Er setze auf einen kleinteiligen, individuellen Austausch, in dem er auch auf konkrete Fragen eingehen könne. Interessierte könnten ihn dafür gern kontaktieren, so Adrian.Durch Methadon und ähnliche Medikamente werde die Szene entkriminalisiert. Die Patienten und Patientinnen müssten eben genau das nicht mehr tun: Diebstähle begehen oder sich prostituieren, um an ihre Ersatzdroge zu kommen. Die Mehrheit seiner Patienten gehe darüber hinaus einer Arbeit nach und habe kein Interesse, sich länger als nötig aufzuhalten. Keine der existierenden fünf Praxen mit entsprechendem Angebot in Hamm hätten Probleme mit Kriminalität durch ihre Patienten im Umfeld, heißt es, die Lippewelle hat darüber berichtet.

Angespannte Situation bei fünf Substitutionspraxen in Hamm

Die Situation der fünf Substitutionspraxen in Hamm ist angespannt. Viele Ärzte werden wohl in den kommenden Jahren in den Ruhestand gehen und eine Versorgungslücke hinterlassen, so Dr. Adrian. Mit der neuen, größeren Praxis an der Werler Straße sei er vorbereitet und könne entsprechende Kapazitäten bereithalten. Etwa 250 bis maximal 300 Menschen könnten über den Tag bei ihm mit den Ersatzmedikamenten versorgt werden. Aktuell sind bei ihm bis zu 150 Patienten und Patientinnen im Substitutionsprogramm, das unter strengen Vorgaben steht. Die Bürgerinitiative befürchtet, dass bis zu 600 Personen in der neuen Praxis betreut werden könnten.

"Ich glaube, dass viele von denen Leuten, die jetzt etwas dagegen haben, am Ende gar nicht bemerken werden, dass es dort eine Substitutionsambulanz gibt, weil wir das räumlich so strukturieren, dass keine Patientenhäufungen auftreten. Ich würde wirklich darauf wetten, dass man es nicht bemerkt." - Dr. Andreas Adrian

Langfristig geht Dr. Adrian von einem Versorgungsengpass in Hamm aus, für den man schon jetzt auf der Suche nach entsprechenden Fachkräften sei. Diese müssten dann auch selbst entscheiden, ob sie neue Praxen eröffnen oder bestehende übernehmen.

Diskussion um Diamorphin in neuer Praxis im Hammer Süden

Ein weiterer Kritikpunkt der Bürgerinitiative ist die Erweiterung des Angebots in der geplanten Praxis an der Werler Straße. So soll dort nach erfolgreicher Bewilligung auch Diamorphin, also medizinisches Heroin im Rahmen einer streng kontrollierten Therapie angeboten werden.

"Diamorphin ist pharmazeutisches Heroin.
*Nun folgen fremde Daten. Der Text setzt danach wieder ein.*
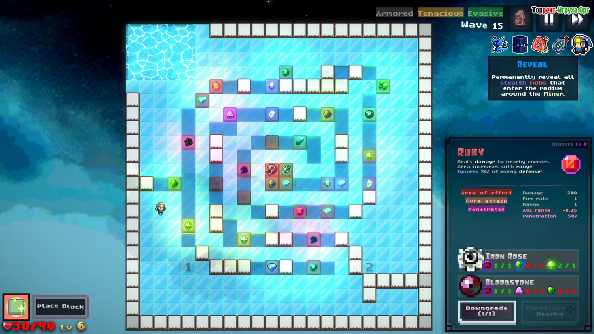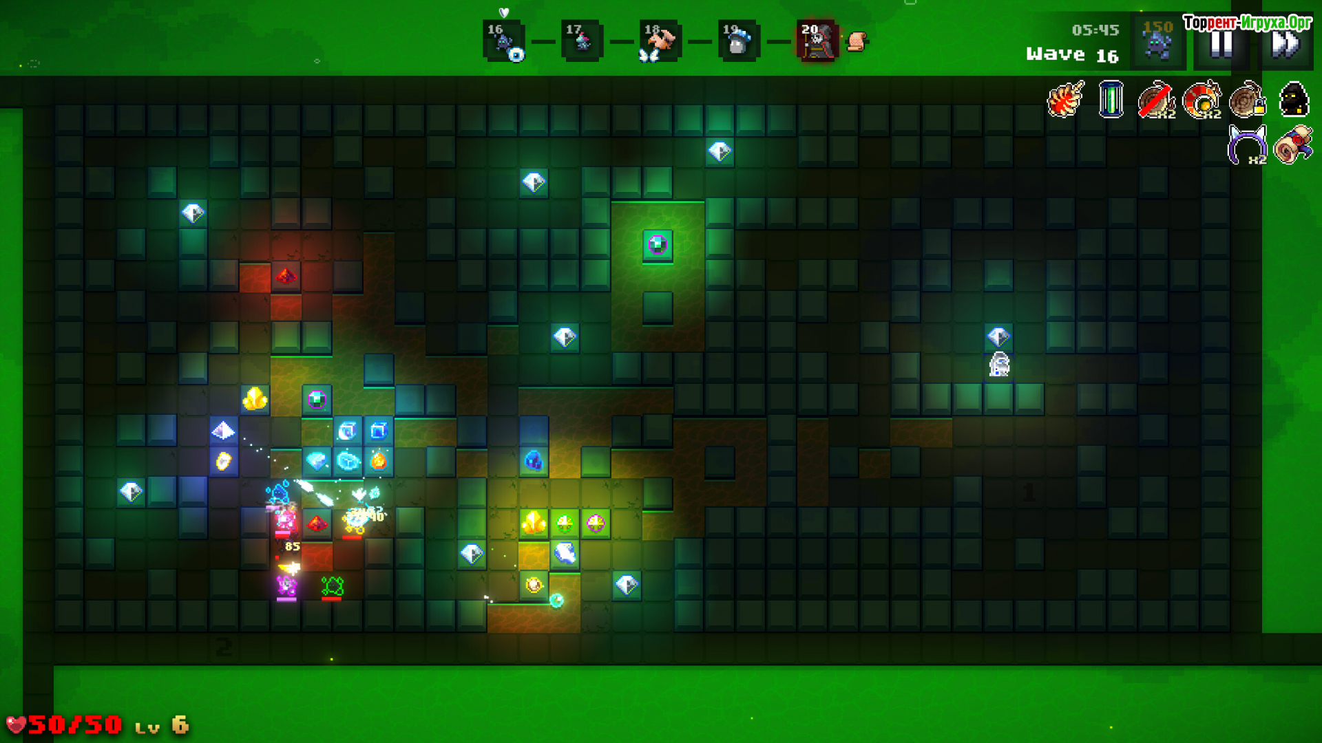 Каждый уровень начинается с планирования пути для наступающих врагов. Управляя рельефом и прокладывая тоннели, игрок превращает карту в сложную ловушку. Размещение кристаллов вдоль маршрута становится способом усилить защиту — важную роль играют их позиционирование и дальность поражения. Такой подход делает лабиринт не просто препятствием, а эффективным оружием против нападающих.

Wir dosieren das so, dass der von der Allgemeinheit befürchtete Kick nicht einsetzt. Die Opiatrezeptoren im Körper werden aber angesprochen, sodass die Patienten wieder Arbeiten gehen oder Zuhause ein normales Leben leben können." - Dr. Andreas Adrian

Er gehe von insgesamt 30 neuen Patienten durch das Angebot aus. Andere Zahlen, die in diesem Kontext im Umlauf sind, seien unrealistisch. Auch an Lock-Effekt für Menschen aus anderen Städten glaube er nicht, da der Aufwand für eine solche Therapie für Auswärtige zu groß sei und diese in ihrem sozialen Umfeld gebunden seien.


Neue Subsitutionspraxis in Hamm will auch Beratungsstelle werden

In den großen neuen Praxisräumen will Dr. Adrian auch ein neues Beratungsangebot schaffen.

"An dem neuen Standort richten wir einen Kommunikationsraum ein, wo wir Schulprävention machen, wo wir unsere Notfalltrainings machen können, wo man sich mit betroffenen Angehörigen treffen kann. Das Problem haben wir öfters, dass besorgte Eltern da sind, dass die Kinder entgleisen." Dr. Andreas Adrian


Konkrete Umsetzung der neuen Praxis im Hammer Süden weiter unklar

Bevor es an der Werler Straße mit der neuen Substitutionspraxis tatsächlich losgehen kann, sind noch einige Bedingungen zu erfüllen, so Adrian. Der Mietvertrag sei noch immer nicht unterschrieben, es ständen noch einige Bewilligungen der Bezirksregierung Arnsberg aus. Man wolle im Austausch mit der Nachbarschaft weiter Bedenken ausräumen und hoffe auf eine gute Zusammenarbeit, sobald alle rechtlichen Fragen geklärt sind, heißt es.

"Ich bin ziemlich sicher, dass andere Kommunen hier herkommen werden, um sich anzuschauen, wie wir das in Hamm gelöst haben. Die Patienten sind nunmal da und sie werden nicht verschwinden, nur weil wir kein Angebot für die Substitution haben."